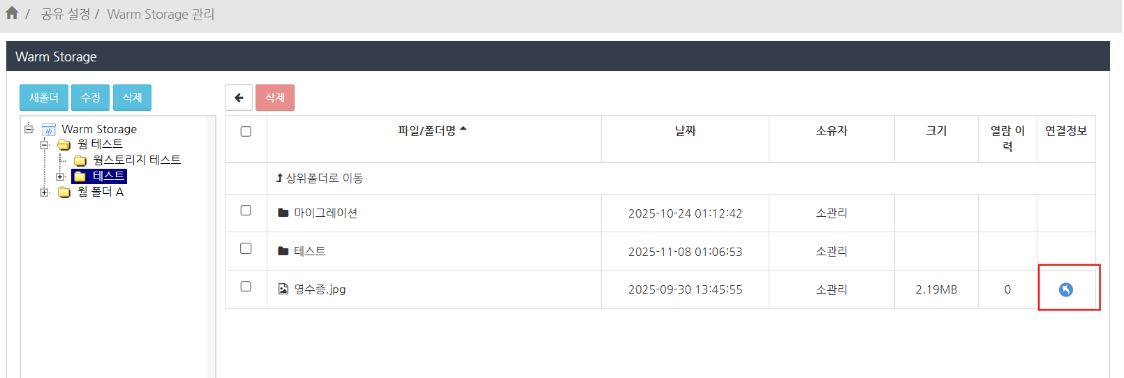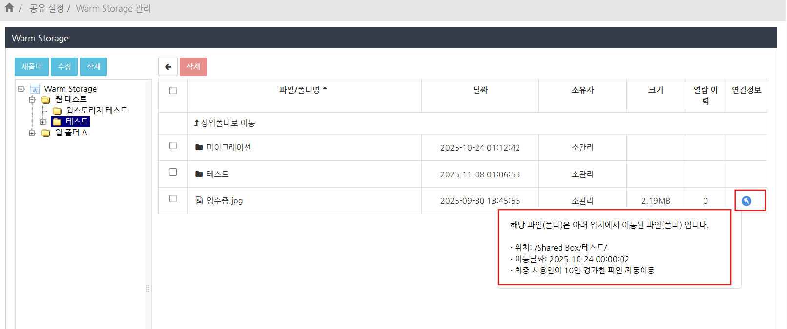 선택한 폴더에 저장된 폴더와 파일이 목록에 표시됩니다. Shared Box에서 Warm Storage로 이동된 폴더 및 파일에는 '연결 정보' 항목에 아이콘이 표시됩니다.
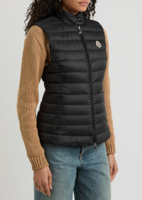 Info & Care Moncler shell gilet Quilted, press-stud fastening high-neck, darted bodice, designer applique, zip-fastening side pockets, fully lined Two-way zip-fastening through front 100% polyamide; filling: 90% down, 10% feather Hand wash Size & Fit Length shoulder to hem: 23.5 inches/ 60cm Midweight Regular fit Model is 5'9"/ 175cm and wears a size 0
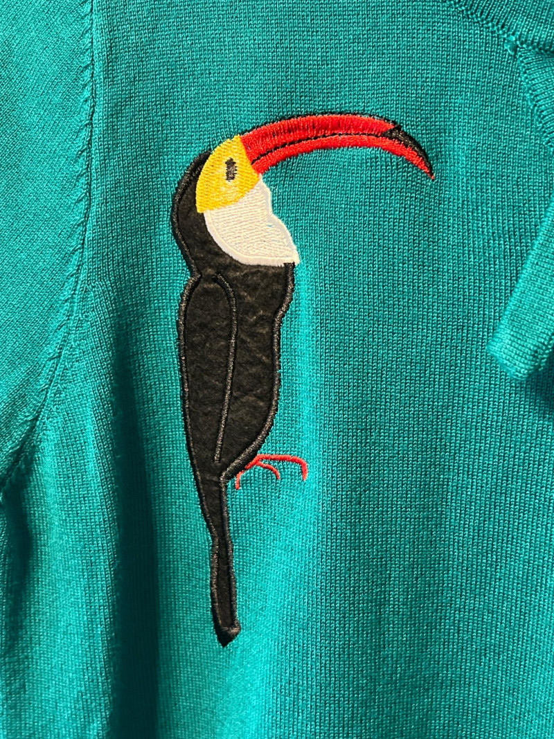 Turquoise Belle Poque knit sweater with an embroidered toucan on the bodice and a soft bow at the neckline. Mid‑sleeve style with a ribbed hem and playful, retro‑novelty vibe. Size M.
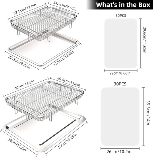 Air Fryer Basket for Oven, Air Fryer Basket and Stainless Steel Baking Tray Pant Oven Air Fryer Pan Rack for Cooking Baking Dishwasher and Broiling (13.1"x9.6" & 15.3"x11.1")
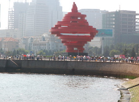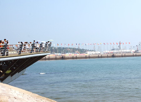 ????與奧帆中心直線距離不超過1000米的五四廣場無疑是最佳觀測地,不少市民早早就開始等候。
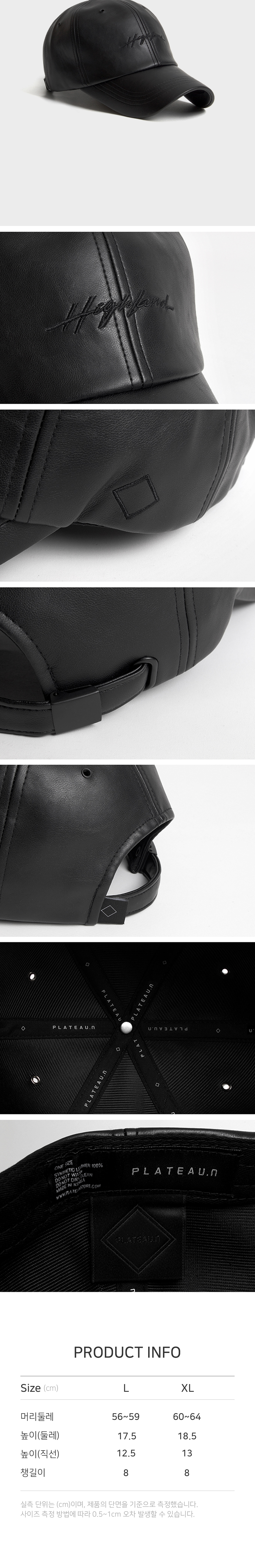 플래토 레더 하이랜드 볼캡 블랙
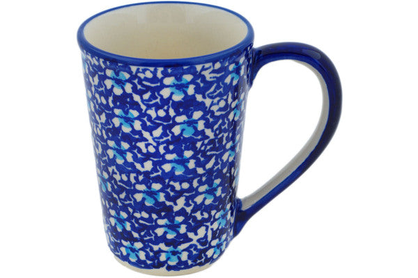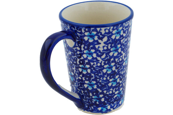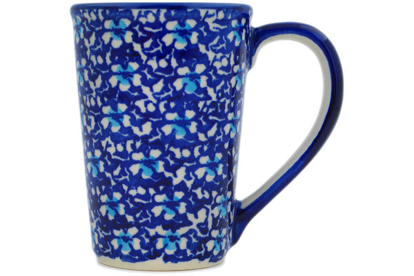 This Polish Pottery Mug is handmade and handpainted by the Manufaktura factory in Boleslawiec, Poland. Manufacturer item number H2256P. It is 4½" high and measures 4¾" by 3¼". The capacity of this Mug is 10.08 oz (brimful) and it weighs 0.8 lbs. It is part of the Flowers On The Lake Collection.
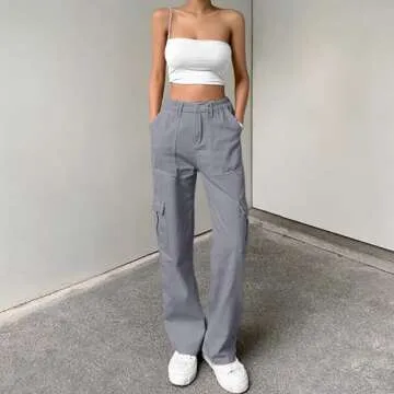 Women 6 Pockets High Waisted Cargo Pants Wide Leg Casual Pants Combat Military Trouser Blue Grey
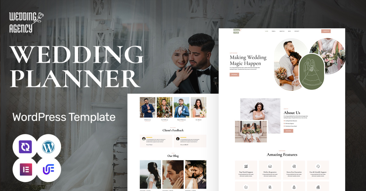 Agencia de bodas: tema Elementor de WordPress para organizadores de bodas y gestión de eventos
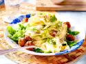 Drain the pasta, mix immediately with vegetables and peanut sauce and serve. Place the fried eggs on top, sprinkle with chili flakes and peanuts.
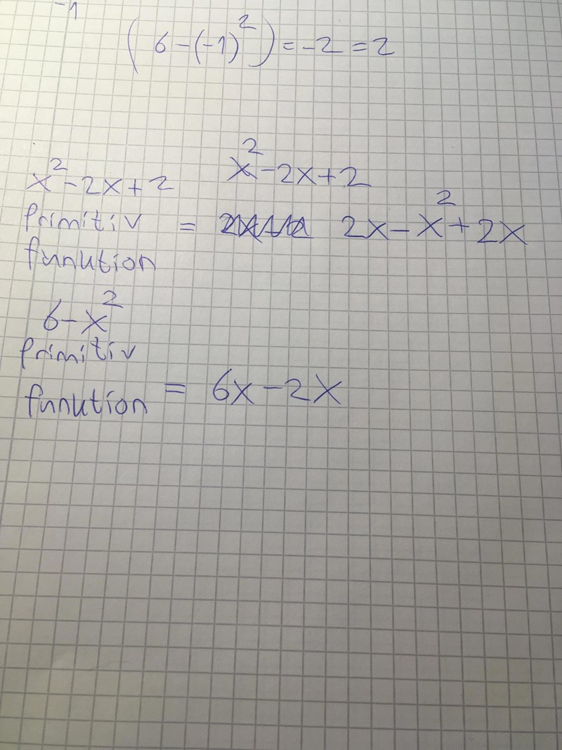 Du verkar ha integrerat och deriverat huller om buller. Den primitiva funktionen till 6 är 6x och den till 2x är x^2, det stämmer, men den primitiva funktionen till x^2 är inte 2x.
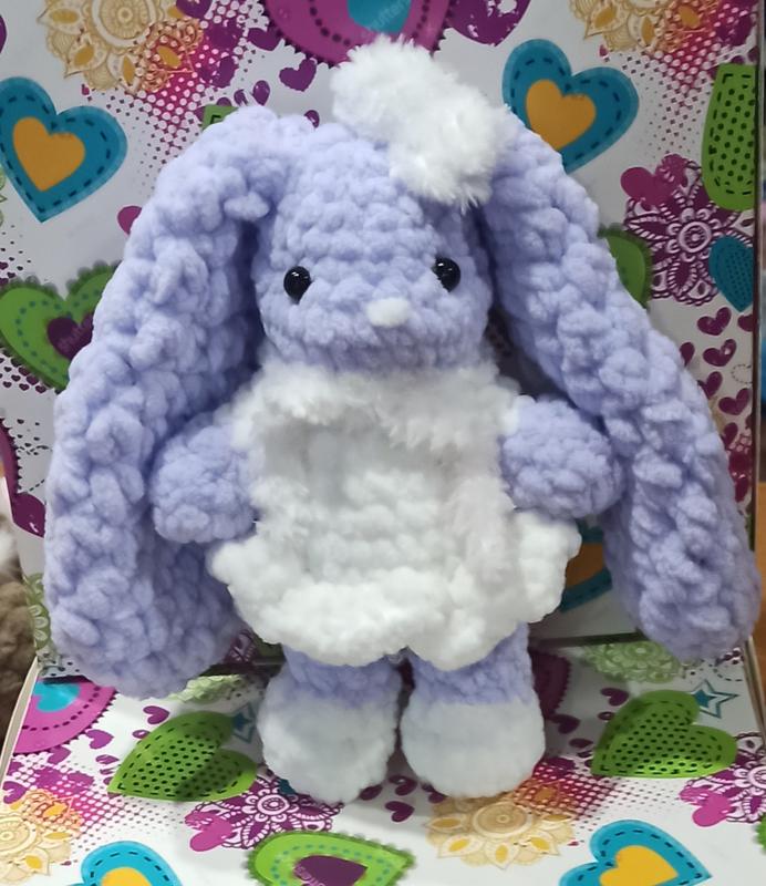 Зайка дiвчинка з довгими вушками, iграшка з плюшевоi пряжi, дуже м'якенька, гiпоалергенна,...
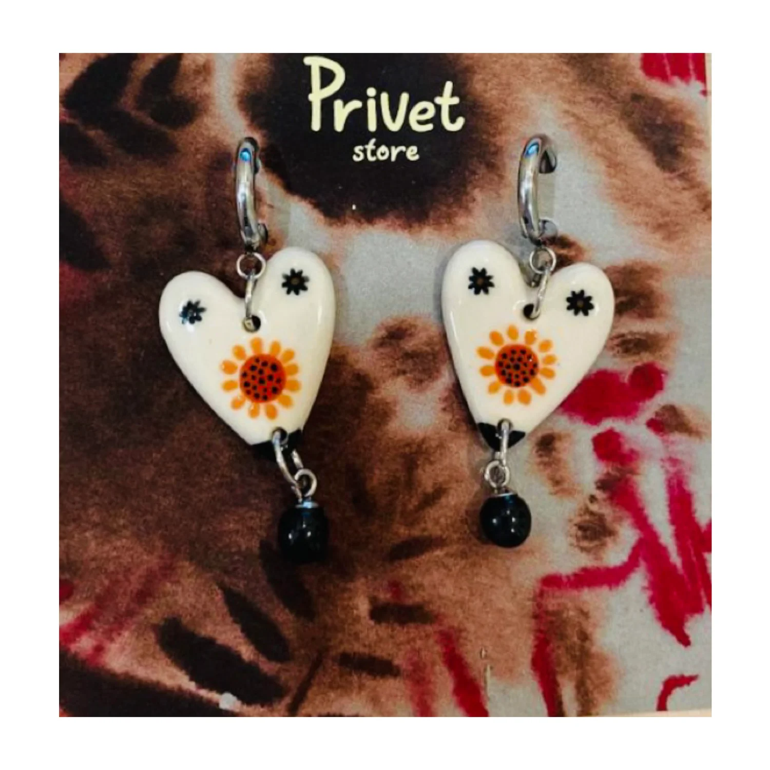 Серьги-конго Звер с бусиной «Подсолнухи», керамика, белый

PROBLEM DESCRIPTION
Output all of the data word for word, excluding any pictures.

ANSWER BOX
 선택한 폴더에 저장된 폴더와 파일이 목록에 표시됩니다. Shared Box에서 Warm Storage로 이동된 폴더 및 파일에는 '연결 정보' 항목에 아이콘이 표시됩니다.
 Info & Care Moncler shell gilet Quilted, press-stud fastening high-neck, darted bodice, designer applique, zip-fastening side pockets, fully lined Two-way zip-fastening through front 100% polyamide; filling: 90% down, 10% feather Hand wash Size & Fit Length shoulder to hem: 23.5 inches/ 60cm Midweight Regular fit Model is 5'9"/ 175cm and wears a size 0
 Turquoise Belle Poque knit sweater with an embroidered toucan on the bodice and a soft bow at the neckline. Mid‑sleeve style with a ribbed hem and playful, retro‑novelty vibe. Size M.
 Air Fryer Basket for Oven, Air Fryer Basket and Stainless Steel Baking Tray Pant Oven Air Fryer Pan Rack for Cooking Baking Dishwasher and Broiling (13.1"x9.6" & 15.3"x11.1")
 ????與奧帆中心直線距離不超過1000米的五四廣場無疑是最佳觀測地,不少市民早早就開始等候。
 플래토 레더 하이랜드 볼캡 블랙
 This Polish Pottery Mug is handmade and handpainted by the Manufaktura factory in Boleslawiec, Poland. Manufacturer item number H2256P. It is 4½" high and measures 4¾" by 3¼". The capacity of this Mug is 10.08 oz (brimful) and it weighs 0.8 lbs. It is part of the Flowers On The Lake Collection.
 Women 6 Pockets High Waisted Cargo Pants Wide Leg Casual Pants Combat Military Trouser Blue Grey
 Agencia de bodas: tema Elementor de WordPress para organizadores de bodas y gestión de eventos
 Drain the pasta, mix immediately with vegetables and peanut sauce and serve. Place the fried eggs on top, sprinkle with chili flakes and peanuts.
 Du verkar ha integrerat och deriverat huller om buller. Den primitiva funktionen till 6 är 6x och den till 2x är x^2, det stämmer, men den primitiva funktionen till x^2 är inte 2x.
 Зайка дiвчинка з довгими вушками, iграшка з плюшевоi пряжi, дуже м'якенька, гiпоалергенна,...
 Серьги-конго Звер с бусиной «Подсолнухи», керамика, белый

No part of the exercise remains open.